━━━━━ Data in this exercise

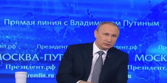 وأوضح بوتين خلال حواره السنوي المتلفز مع الشعب الروسي اليوم أن القرار الروسي بسحب الجزء الأساسي من القوات في سورية لم يؤد إلى تراجع قدرات الجيش السوري وقال “لقد سحبنا جزءا كبيرا من مجموع قواتنا في سورية ولكننا تركنا الجيش السوري في حالة تسمح له بإجراء عمليات هجومية واسعة النطاق بدعم قواتنا المتبقية في سورية وهو ما حصل بالفعل حيث استعاد الجيش السوري مدينة تدمر وبلدات أخرى ذات أهمية استراتيجية كما أن عدد البلدات التي انضمت إلى وقف الأعمال القتالية والمصالحة يزداد”.
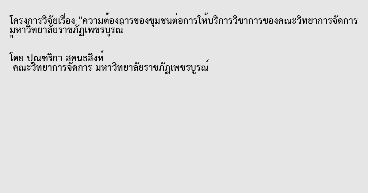 การศึกษาความต้องการของชุมชนต่อการให้บริการวิชาการของคณะวิทยาการจัดการ มหาวิทยาลัยราชภัฏเพชรบูรณ์ในครั้งนี้ มีวัตถุประสงค์เพื่อสำรวจความต้องการของชุมชน ต่อการให้บริการวิชาการของคณะวิทยาการจัดการ มหาวิทยาลัยราชภัฏเพชรบูรณ์
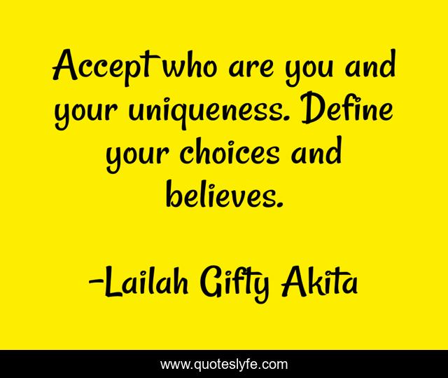 "Lailah Gifty Akita Quotes." Quoteslyfe.com, 2025. Fri. 05 Dec. 2025. <https://www.quoteslyfe.com/quote/Accept-who-are-you-and-your-uniqueness-174891>.
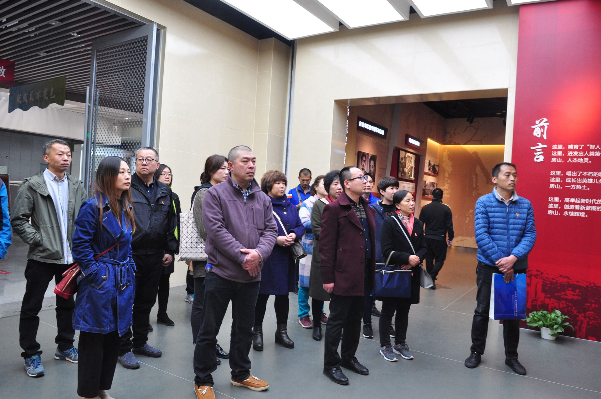 最后,大家參觀了房山區(qū)黨群服務(wù)活動(dòng)中心。走進(jìn)活動(dòng)中心,一個(gè)像一艘航行在水中的紅色風(fēng)帆的創(chuàng)意雕塑首先躍入眼簾,這個(gè)雕塑寓意著新時(shí)代中國(guó)特色社會(huì)主義向著第一目標(biāo)、第二目標(biāo)和“兩個(gè)一百年”的奮斗目標(biāo)揚(yáng)帆起航。雕塑的兩側(cè)是五線譜一樣的五層結(jié)構(gòu),星星像音符一樣跳躍在五線譜上,它寓意著在中國(guó)共產(chǎn)黨帶領(lǐng)下,奏響和諧樂(lè)章。大家參觀了“不忘初心,牢記使命”大型主題展,通過(guò)“紅色地標(biāo)述說(shuō)新中國(guó)從這里走來(lái)”展覽,回顧了新中國(guó)成立的波瀾壯闊的歷史;通過(guò)“習(xí)近平新時(shí)代中國(guó)特色社會(huì)主義思想引領(lǐng)我們前進(jìn)”展覽,生動(dòng)闡釋了習(xí)近平新時(shí)代中國(guó)特色社會(huì)主義思想的精神內(nèi)涵,深化了大家對(duì)習(xí)近平新時(shí)代中國(guó)特色社會(huì)主義思想的精神內(nèi)涵的理解和學(xué)習(xí)。黨史情景教育基地在內(nèi)容展示上,采用情景還原、景中景的方式,并綜合運(yùn)用高科技手段,給大家身臨其境之感,增強(qiáng)了黨史教育的生動(dòng)性和有效性。
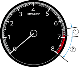 При нахождении стрелки тахометра в ЗАШТРИХОВАННОЙ ЗОНЕ водителю необходимо переключить передачу, чтобы не допустить перемещения стрелки в КРАСНУЮ ЗОНУ.
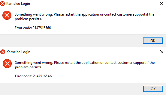 If you encounter error messages containing "2147516566" or "2147516546" when starting Kameleo, this article will help you resolve them. In general, they can be recognized because they appear like this:
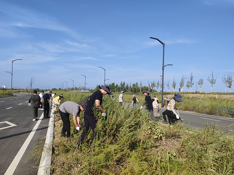 在活動現場,專(zhuan) 業(ye) 人員詳細講解了工具的使用注意事項。隨後,眾(zhong) 人手持各式各樣的除草工具,積極投入到行動中。他們(men) 不僅(jin) 鏟除了道路沿線的雜草,還及時清理了周圍的煙頭、塑料袋以及掉落的樹枝等雜物。大家充分發揮不怕苦、不怕髒、不怕累的鐵軍(jun) 精神,有的徒手拔除雜草,有的用鐮刀精心收割,有的負責清運雜草。眾(zhong) 人分工明確,密切配合,整個(ge) 過程井然有序。忙碌的身影交織在一起,構成了一道格外靚麗(li) 的風景線。
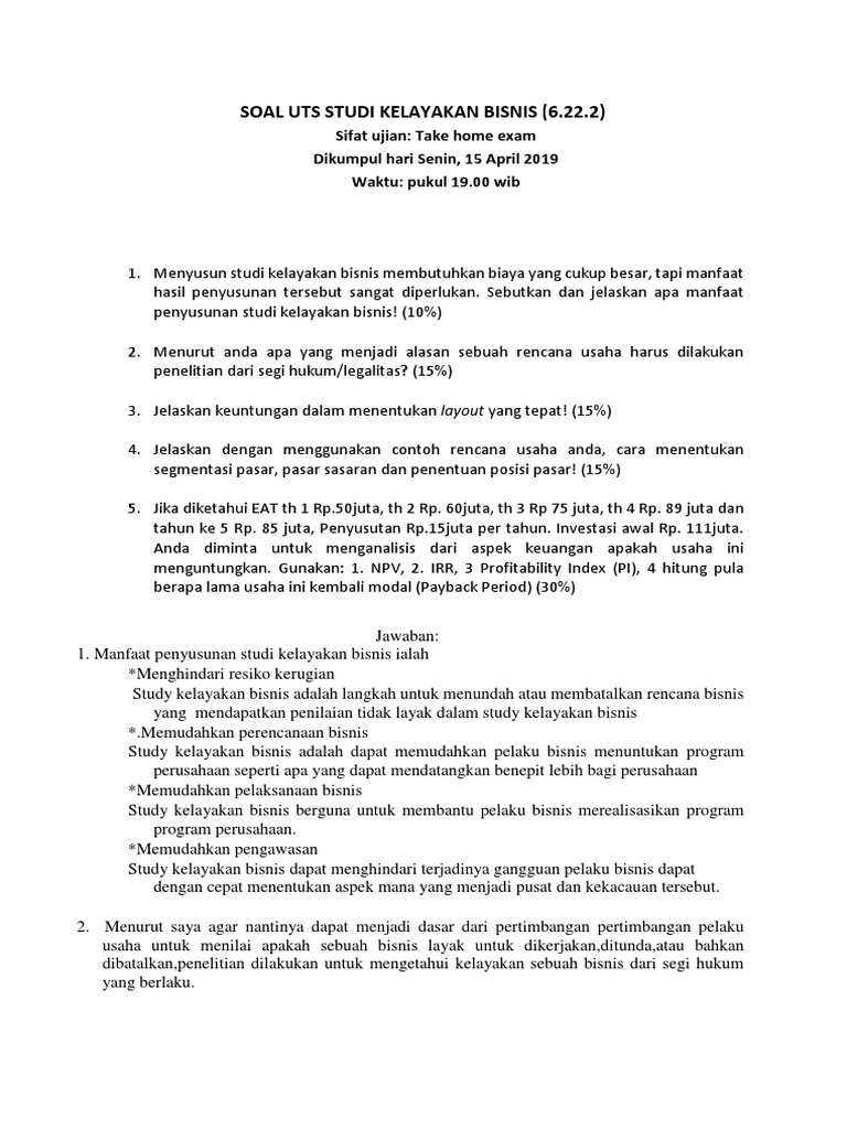Sebutkan 5 Contoh Analisis Kelayakan Finansial Brainlycoid. Bmp Ekma4311 Studi Kelayakan Bisnis. Contoh Soal Ujian Manajemen Sumber Daya Manusia Msdm. Studi Kelayakan Bisnis. Kumpulan Soal Uas Skb. Aspek Pasar Dalam Studi Kelayakan Bisnis Sarnoid. Begitulah informasi yang bisa kami uraikan mengenai contoh soal dan jawaban studi kelayakan bisnis.
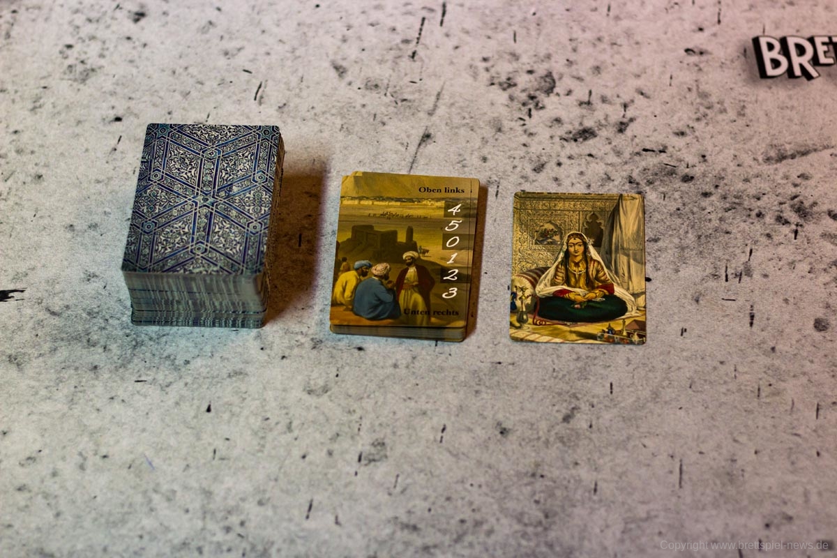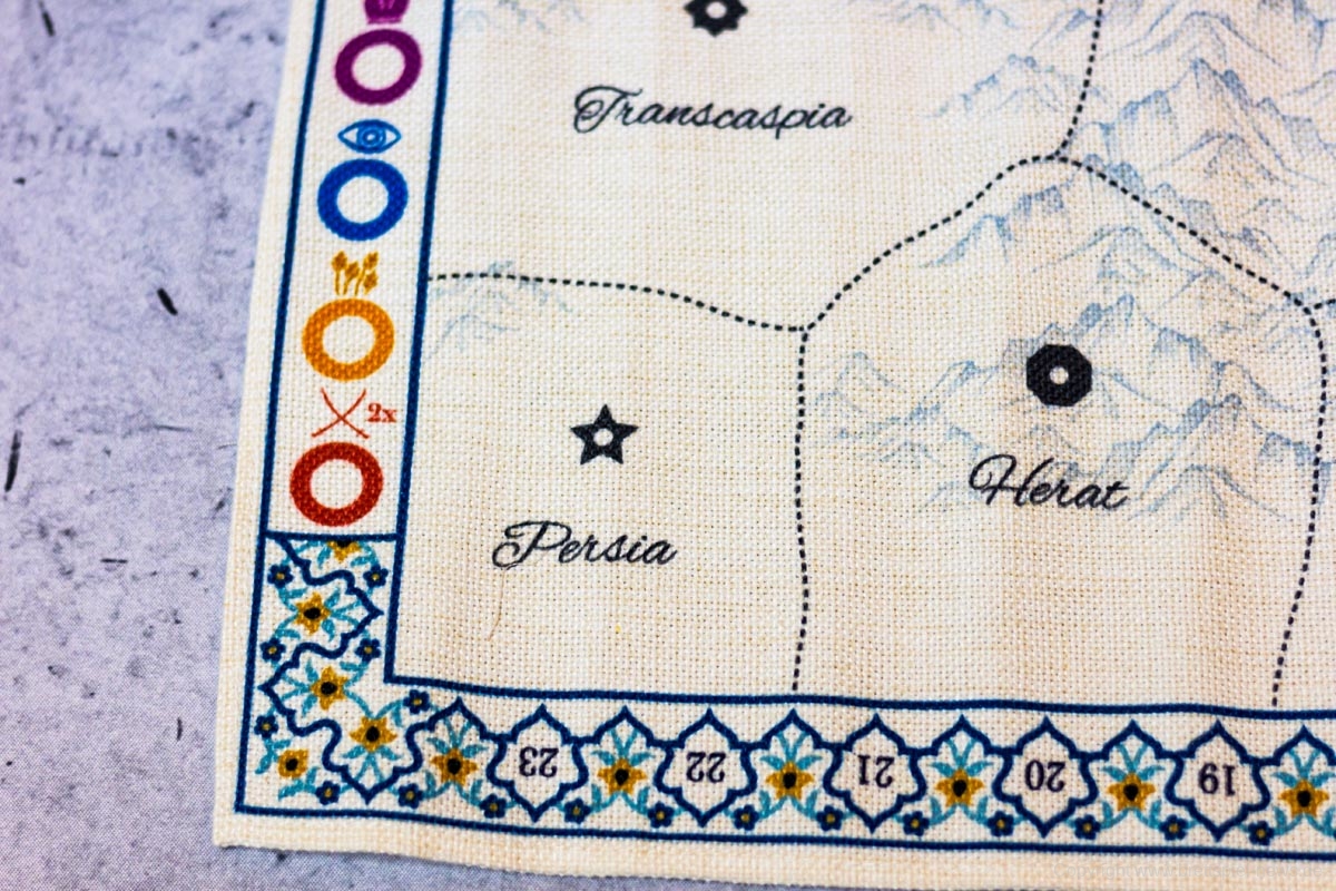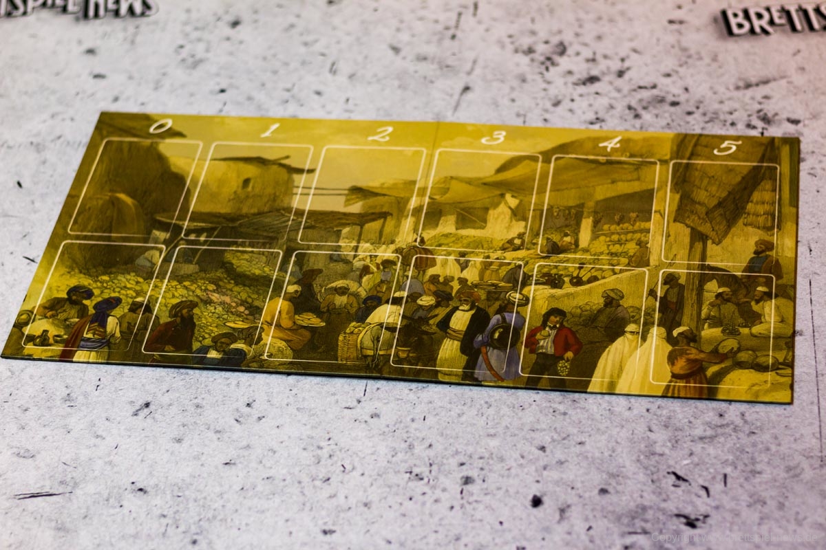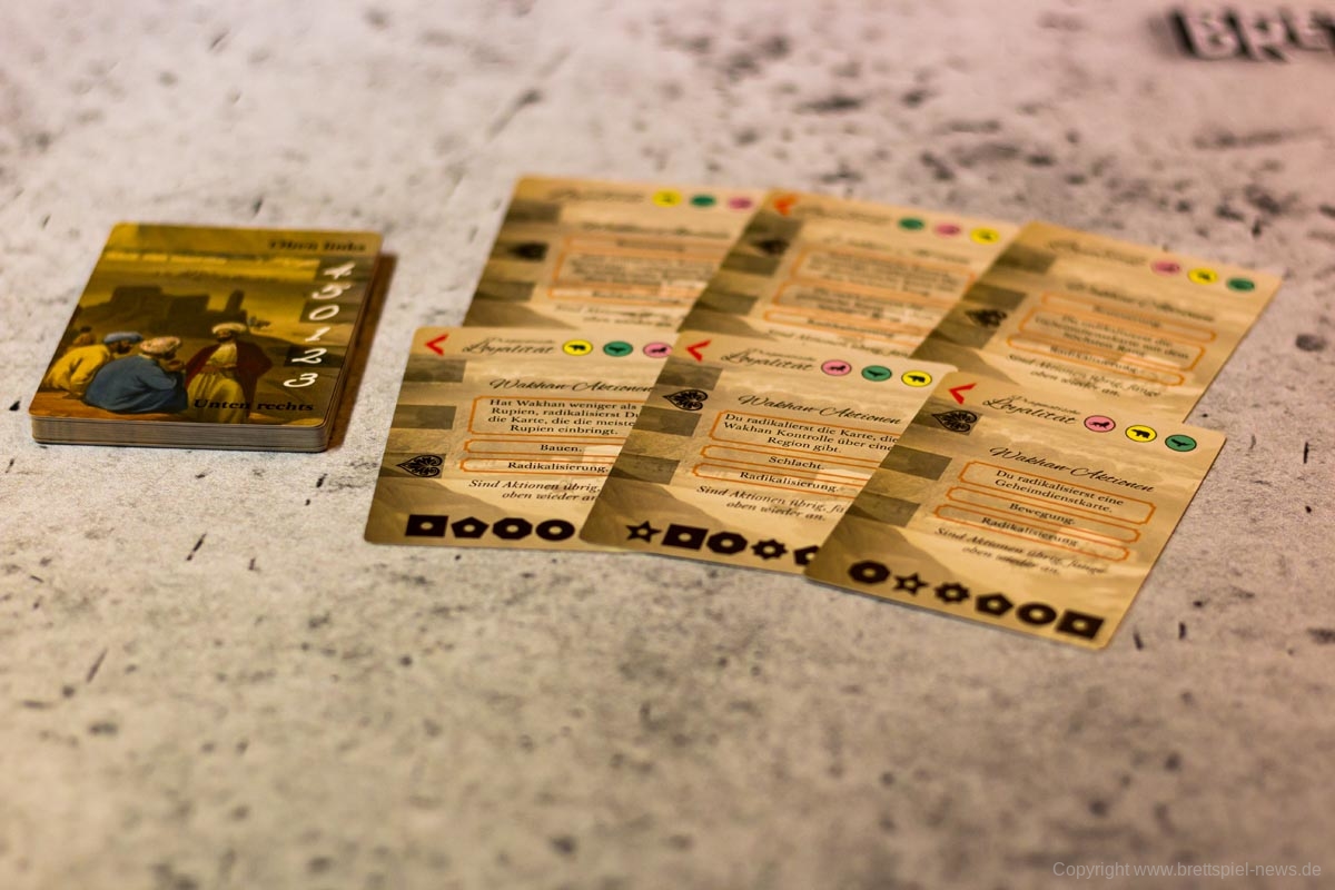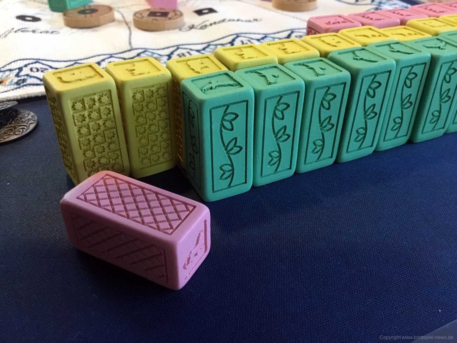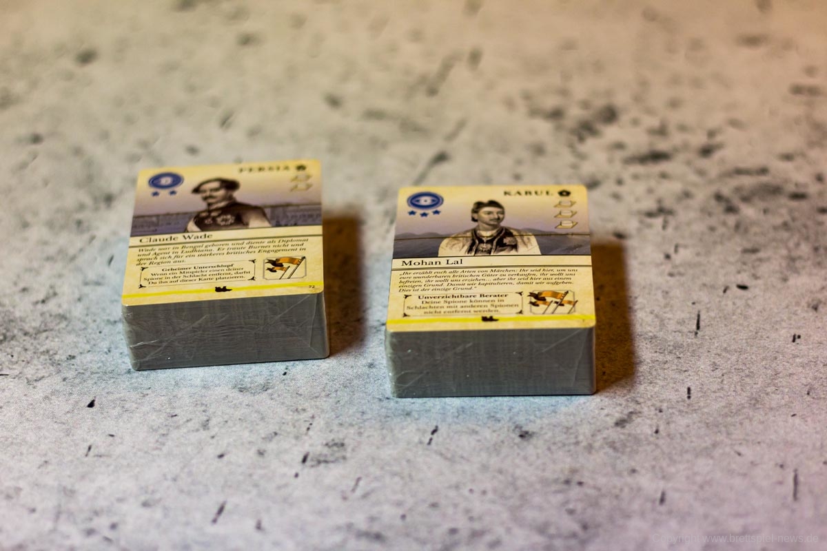 PAX PAMIR greift tief in die Komponentenkiste und zeigt eine Fülle an verschiedenen Materialien und Farben. Die Rückseite des Marktbretts kann als Landkarte genutzt werden, sollte der Stoffplan nicht den eigenen Geschmack treffen. Die Resinblöcke in Pastellfarben heben sich angenehm vom Spielbrett ab und ermöglichen einen schnellen Überblick über die Machtverhältnisse in Afghanistan. Durch die Farbgebung wirken sie gleichzeitig erfrischend „leicht“. Die hölzernen Zylinder und Herrschaftsscheiben passen gut in das Gesamtbild und sind ebenfalls tadellos gefertigt. Die Kartenqualität ist gut und auch die Pappmünzen sind gut verklebt. Die vorliegende Version des Spiels wurde mit optional erhältlichen Metallmünzen aufgewertet, die mit ihren Eigenheiten angenehm zum Spielgefühl beitragen. Die großformatigen Spielerhilfen erleichtern das Spiel enorm, auch wenn in der Kurzfassung der Geschenkaktion ein kleiner aber gravierender Fehler enthalten ist. Ein Inlay hält alle Komponenten im passgenauen Karton an Ort und Stelle.
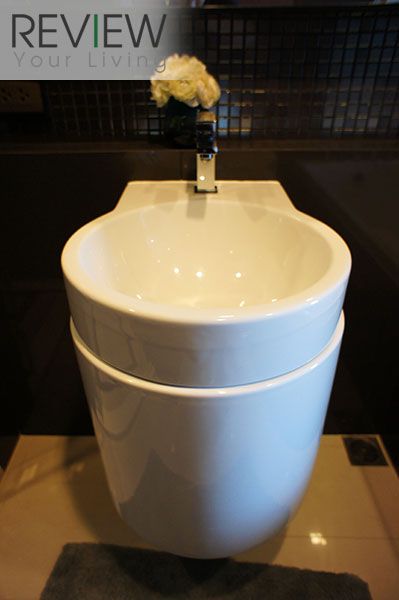เข้าห้องน้ำมาเจออ่างล้างหน้าทรงกลมอยู่โซนกลางห้องน้ำเลยครับ
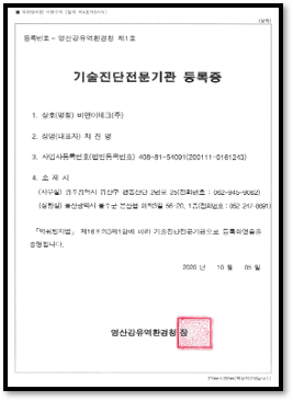 등록번호 – 영산강유역환경청 1호 (등록일 : 2020년 10월 05일)
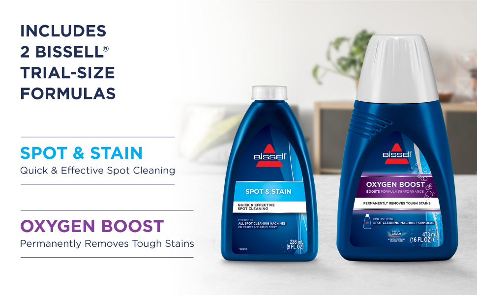 Our BISSELL Spot & Stain + Oxygen Boost formula permanently removes tough spots and stains. It quickly cleans up a variety of messes in and around the house. BISSELL MultiClean Spot & Stain Carpet Cleaner includes a removable water tank for easy filling and emptying. The two tank system allows to clean with clean water while the dirt and grime are stored in a different tank. Helps maintain consistent water temperature while cleaning. It is our best cleaning System for the toughest stains & odors - it even removes skunk odors. Once you'redone cleaning

━━━━━━━━━━

- [What you need to do] Leaving out the pictures, print every record exactly as written.

- [Answer to the exercise]
 وأوضح بوتين خلال حواره السنوي المتلفز مع الشعب الروسي اليوم أن القرار الروسي بسحب الجزء الأساسي من القوات في سورية لم يؤد إلى تراجع قدرات الجيش السوري وقال “لقد سحبنا جزءا كبيرا من مجموع قواتنا في سورية ولكننا تركنا الجيش السوري في حالة تسمح له بإجراء عمليات هجومية واسعة النطاق بدعم قواتنا المتبقية في سورية وهو ما حصل بالفعل حيث استعاد الجيش السوري مدينة تدمر وبلدات أخرى ذات أهمية استراتيجية كما أن عدد البلدات التي انضمت إلى وقف الأعمال القتالية والمصالحة يزداد”.
 การศึกษาความต้องการของชุมชนต่อการให้บริการวิชาการของคณะวิทยาการจัดการ มหาวิทยาลัยราชภัฏเพชรบูรณ์ในครั้งนี้ มีวัตถุประสงค์เพื่อสำรวจความต้องการของชุมชน ต่อการให้บริการวิชาการของคณะวิทยาการจัดการ มหาวิทยาลัยราชภัฏเพชรบูรณ์
 "Lailah Gifty Akita Quotes." Quoteslyfe.com, 2025. Fri. 05 Dec. 2025. <https://www.quoteslyfe.com/quote/Accept-who-are-you-and-your-uniqueness-174891>.
 最后,大家參觀了房山區(qū)黨群服務(wù)活動(dòng)中心。走進(jìn)活動(dòng)中心,一個(gè)像一艘航行在水中的紅色風(fēng)帆的創(chuàng)意雕塑首先躍入眼簾,這個(gè)雕塑寓意著新時(shí)代中國(guó)特色社會(huì)主義向著第一目標(biāo)、第二目標(biāo)和“兩個(gè)一百年”的奮斗目標(biāo)揚(yáng)帆起航。雕塑的兩側(cè)是五線譜一樣的五層結(jié)構(gòu),星星像音符一樣跳躍在五線譜上,它寓意著在中國(guó)共產(chǎn)黨帶領(lǐng)下,奏響和諧樂(lè)章。大家參觀了“不忘初心,牢記使命”大型主題展,通過(guò)“紅色地標(biāo)述說(shuō)新中國(guó)從這里走來(lái)”展覽,回顧了新中國(guó)成立的波瀾壯闊的歷史;通過(guò)“習(xí)近平新時(shí)代中國(guó)特色社會(huì)主義思想引領(lǐng)我們前進(jìn)”展覽,生動(dòng)闡釋了習(xí)近平新時(shí)代中國(guó)特色社會(huì)主義思想的精神內(nèi)涵,深化了大家對(duì)習(xí)近平新時(shí)代中國(guó)特色社會(huì)主義思想的精神內(nèi)涵的理解和學(xué)習(xí)。黨史情景教育基地在內(nèi)容展示上,采用情景還原、景中景的方式,并綜合運(yùn)用高科技手段,給大家身臨其境之感,增強(qiáng)了黨史教育的生動(dòng)性和有效性。
 При нахождении стрелки тахометра в ЗАШТРИХОВАННОЙ ЗОНЕ водителю необходимо переключить передачу, чтобы не допустить перемещения стрелки в КРАСНУЮ ЗОНУ.
 If you encounter error messages containing "2147516566" or "2147516546" when starting Kameleo, this article will help you resolve them. In general, they can be recognized because they appear like this:
 在活動現場,專(zhuan) 業(ye) 人員詳細講解了工具的使用注意事項。隨後,眾(zhong) 人手持各式各樣的除草工具,積極投入到行動中。他們(men) 不僅(jin) 鏟除了道路沿線的雜草,還及時清理了周圍的煙頭、塑料袋以及掉落的樹枝等雜物。大家充分發揮不怕苦、不怕髒、不怕累的鐵軍(jun) 精神,有的徒手拔除雜草,有的用鐮刀精心收割,有的負責清運雜草。眾(zhong) 人分工明確,密切配合,整個(ge) 過程井然有序。忙碌的身影交織在一起,構成了一道格外靚麗(li) 的風景線。
Sebutkan 5 Contoh Analisis Kelayakan Finansial Brainlycoid. Bmp Ekma4311 Studi Kelayakan Bisnis. Contoh Soal Ujian Manajemen Sumber Daya Manusia Msdm. Studi Kelayakan Bisnis. Kumpulan Soal Uas Skb. Aspek Pasar Dalam Studi Kelayakan Bisnis Sarnoid. Begitulah informasi yang bisa kami uraikan mengenai contoh soal dan jawaban studi kelayakan bisnis.
 PAX PAMIR greift tief in die Komponentenkiste und zeigt eine Fülle an verschiedenen Materialien und Farben. Die Rückseite des Marktbretts kann als Landkarte genutzt werden, sollte der Stoffplan nicht den eigenen Geschmack treffen. Die Resinblöcke in Pastellfarben heben sich angenehm vom Spielbrett ab und ermöglichen einen schnellen Überblick über die Machtverhältnisse in Afghanistan. Durch die Farbgebung wirken sie gleichzeitig erfrischend „leicht“. Die hölzernen Zylinder und Herrschaftsscheiben passen gut in das Gesamtbild und sind ebenfalls tadellos gefertigt. Die Kartenqualität ist gut und auch die Pappmünzen sind gut verklebt. Die vorliegende Version des Spiels wurde mit optional erhältlichen Metallmünzen aufgewertet, die mit ihren Eigenheiten angenehm zum Spielgefühl beitragen. Die großformatigen Spielerhilfen erleichtern das Spiel enorm, auch wenn in der Kurzfassung der Geschenkaktion ein kleiner aber gravierender Fehler enthalten ist. Ein Inlay hält alle Komponenten im passgenauen Karton an Ort und Stelle.
เข้าห้องน้ำมาเจออ่างล้างหน้าทรงกลมอยู่โซนกลางห้องน้ำเลยครับ
 등록번호 – 영산강유역환경청 1호 (등록일 : 2020년 10월 05일)
 Our BISSELL Spot & Stain + Oxygen Boost formula permanently removes tough spots and stains. It quickly cleans up a variety of messes in and around the house. BISSELL MultiClean Spot & Stain Carpet Cleaner includes a removable water tank for easy filling and emptying. The two tank system allows to clean with clean water while the dirt and grime are stored in a different tank. Helps maintain consistent water temperature while cleaning. It is our best cleaning System for the toughest stains & odors - it even removes skunk odors. Once you'redone cleaning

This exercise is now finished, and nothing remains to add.